Google Vertex AI security is now a critical concern for any enterprise deploying Gemini models, custom ML pipelines, or autonomous agents on Google Cloud Platform (GCP). In April 2026, Palo Alto Networks Unit 42 disclosed a chain of misconfigurations and design gaps in Vertex AI Agent Engine that allows a compromised agent to read every Cloud Storage bucket in a project, access internal Google-owned container images, and potentially reach Google Workspace data including Gmail and Drive. This guide covers the complete threat model: over-privileged service accounts, prompt injection patterns specific to Vertex AI, model theft through custom job abuse, and the concrete hardening steps that close the gaps.
Key Takeaways
- Vertex AI's default Per-Project, Per-Product Service Agent (P4SA) is over-privileged by design. Every Vertex AI Agent Engine deployment inherits this broad access unless you replace it with a dedicated service account using the BYOSA pattern.
- The Unit 42 "Double Agents" research (April 2026) demonstrated that a misconfigured Vertex AI agent can read all GCS buckets, pull internal Artifact Registry images exposing Google Cloud infrastructure details, and access Google Workspace data through overly permissive OAuth scopes.
- Indirect prompt injection via enterprise data sources (Google Docs, Calendar, Drive) is a validated attack path in Gemini-connected Vertex AI applications. Instructions embedded in retrieved content bypass input-level safety filters.
- The ModeLeak attack chain begins with a public poisoned model upload and ends with proprietary fine-tuned LLM adapter exfiltration from a victim's Vertex AI project.
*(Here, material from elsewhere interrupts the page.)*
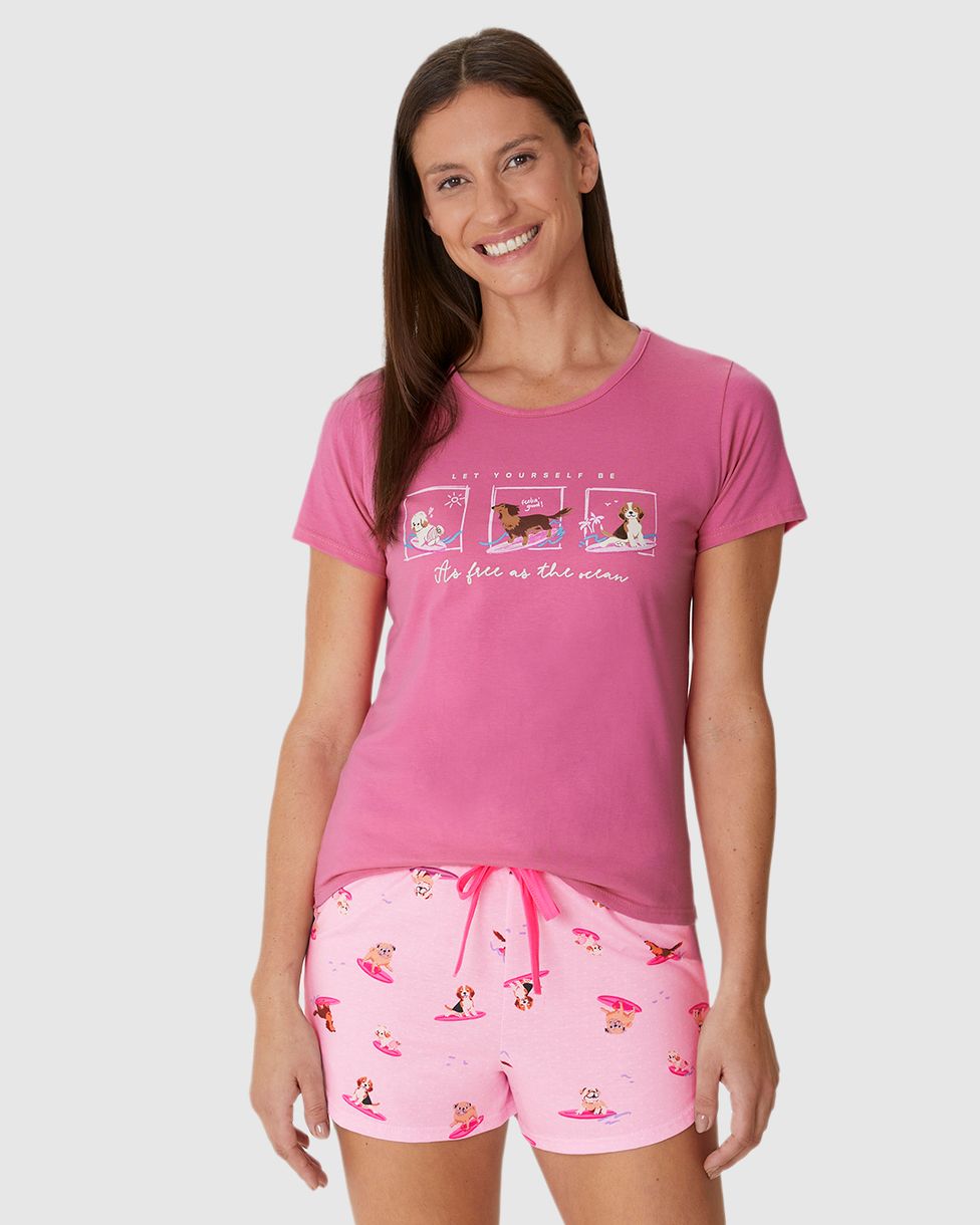 Pijama Curto Feminino Blusa Estampa Com Glitter Em Algodão

- Data Access audit logs for Vertex AI are disabled by default. Without enabling them, there is no record of model invocations, endpoint queries, or prompt content.
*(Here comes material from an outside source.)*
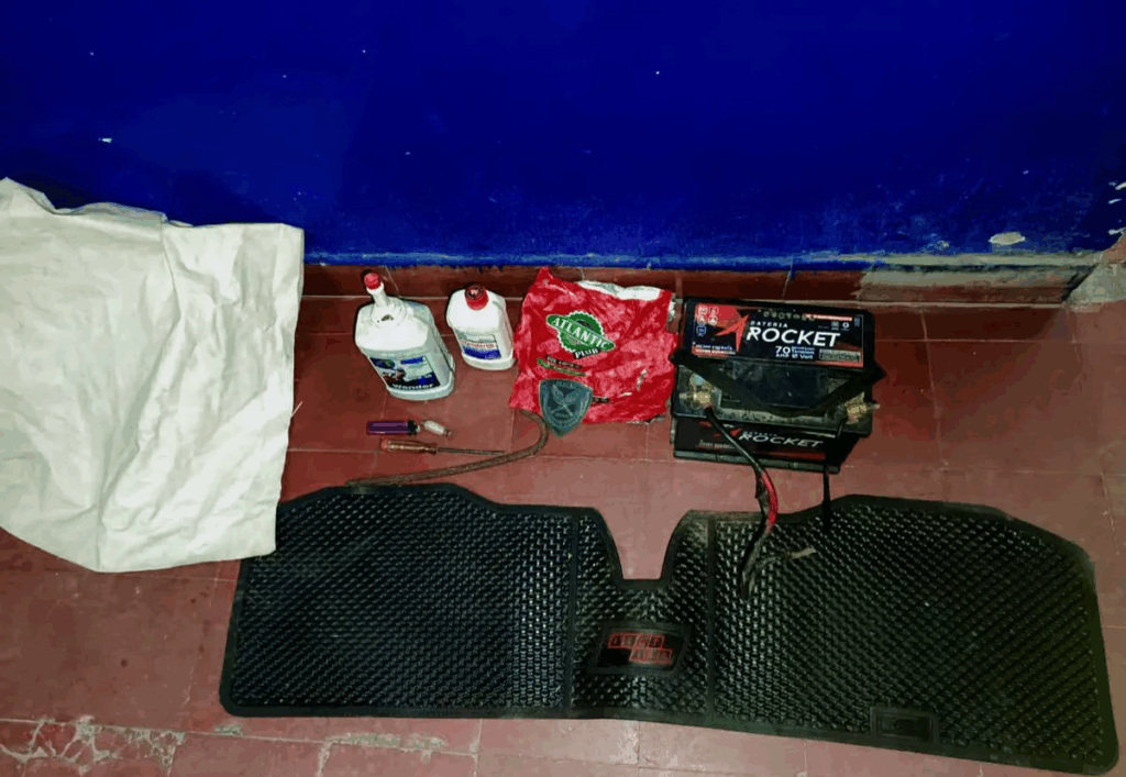 Los uniformados encontraron que los individuos llevaban una batería de 70AMP, una alfombra con la inscripción FIAT 147, herramientas, envases de aceite, líquido de frenos y un tubo metálico adaptado como pipa.

- VPC Service Controls, CMEK, and BYOSA together form the minimum viable security posture for regulated industries using Vertex AI.
Vertex AI Architecture: The Enterprise Security Surface
Vertex AI is a managed machine learning platform on GCP. For enterprise security teams, three deployment patterns matter most:
Vertex AI Model Garden and Gemini API: Foundation model inference through a unified API. Customers call predict or generateContent. Google operates the model infrastructure; the customer controls what data enters the model and how responses are handled.
Vertex AI Agent Engine (formerly Reasoning Engine): Managed runtime for deploying LLM-based agents with tools, memory, and orchestration. Agents are invoked via the apps.reasonEngines.query API and can call Google Cloud services, external APIs, and custom functions. This is where the most serious security issues concentrate.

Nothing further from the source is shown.